Landeskunde Baden-Württemberg

 

Auf der Suche nach der gemeinsamen Geschichte

Dabei ist es sinnvoll, zunächst zu fragen, was die Grenze früher bedeutet hat. Nach der Gründung des Südweststaats neigte man in offiziellen und halboffiziellen Verlautbarungen dazu, die Bedeutung der Grenze herunterzuspielen. Dabei holte man weit aus und zog lang vergangene Geschichtsepochen heran. Schon vor der Diskussion um den Südweststaat gab es Vorschläge, die alemannischen Teile des Südwestens zusammenzufassen, was freilich die nördlichen fränkischen Landesteile und in den meisten Fällen auch den an sich zum Alemannischen gehörenden schwäbischen Teil ausgeschlossen hätte. Besser passte zur Vereinigung von Württemberg und Baden die Berufung auf das Herzogtum Schwaben und die Erinnerung an die weit ausgreifende staufische Herrschaft – bei der großen Stauferausstellung zum 25-jährigen Landesjubiläum 1977 wurde in der Kommentierung diese Kontinuität betont.

Die übergreifende Herrschaftseinheit (die man sich freilich nicht als Flächenstaat vorstellen darf) zerfiel im späten Mittelalter. In der Folge entstanden hunderte von Territorien. Aber auch diese vom Spätmittelalter bis zur Zeit Napoleons andauernde Phase ließ sich als Vorstufe des Südweststaats in Stellung bringen – nicht nur wegen des fortdauernden südwestdeutschen Zusammenhangs in dem durchaus einflussreichen Schwäbischen Reichskreis, sondern auch im Blick auf größere Herrschaftsgebiete, die sich über die drei späteren Länder erstreckten.
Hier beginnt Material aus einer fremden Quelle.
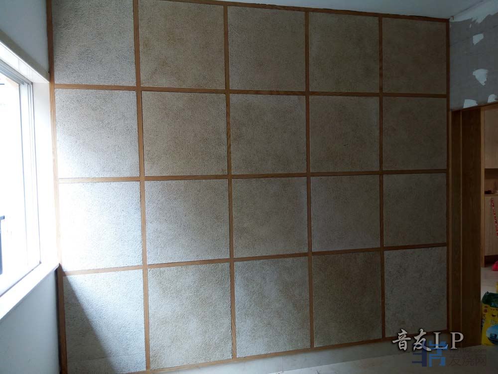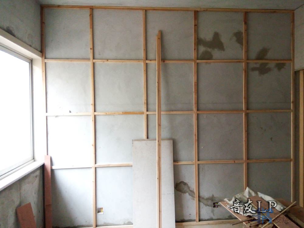 听音房有些正方形而且空间小,器材用电已经拉有两组专线后考虑空间增加容量,我打算在放沙发后墙做吸音处理来增加容量;在后墙3.2M×2.8M整面墙用2.5CM×2.5CM方木钉四方框,再用吸音材料填平,吸音材料用"木丝吸音板"2.5CM厚板.预想把声音吸收一部分来增加房间后墙的深度,也许能改善房的正方形问题.

An vorderster Stelle ist hier das vorderösterreichische Gebiet zu nennen, das einige württembergische Städte und Dörfer an der oberen Donau genauso umfasste wie den Breisgau.

Die durch die Jahrhunderte feststellbaren kulturellen Querverbindungen prägten auch ganz wesentlich das kulturelle Bild. Es mag genügen, auf die großen Dialekträume hinzuweisen, die sich bis heute an den Grenzen der alten Herrschaften orientieren, oder auf die konfessionell geprägten Unterschiede der Kulturlandschaften – der Stempel der Barockzeit ist in Oberschwaben so deutlich wie im südlichen Baden. Aber man kann sich auch auf wirtschaftliche Querverbindungen berufen, und zwar durchaus auch aus der Zeit der schon existierenden Staaten Baden und Württemberg. Als Beispiel mag der 1926 erfolgte Zusammenschluss der Benz-Werke in Gaggenau mit der Daimler-Motoren-Gesellschaft genügen. Und schließlich demonstrierte die „bessere Gesellschaft“ die Durchlässigkeit der Grenze; man braucht nur an das Badewesen zu denken: Unter den Ausländern in Baden- Baden waren auch Württemberger, und nach Liebenzell und Wildbad kamen auch Badener.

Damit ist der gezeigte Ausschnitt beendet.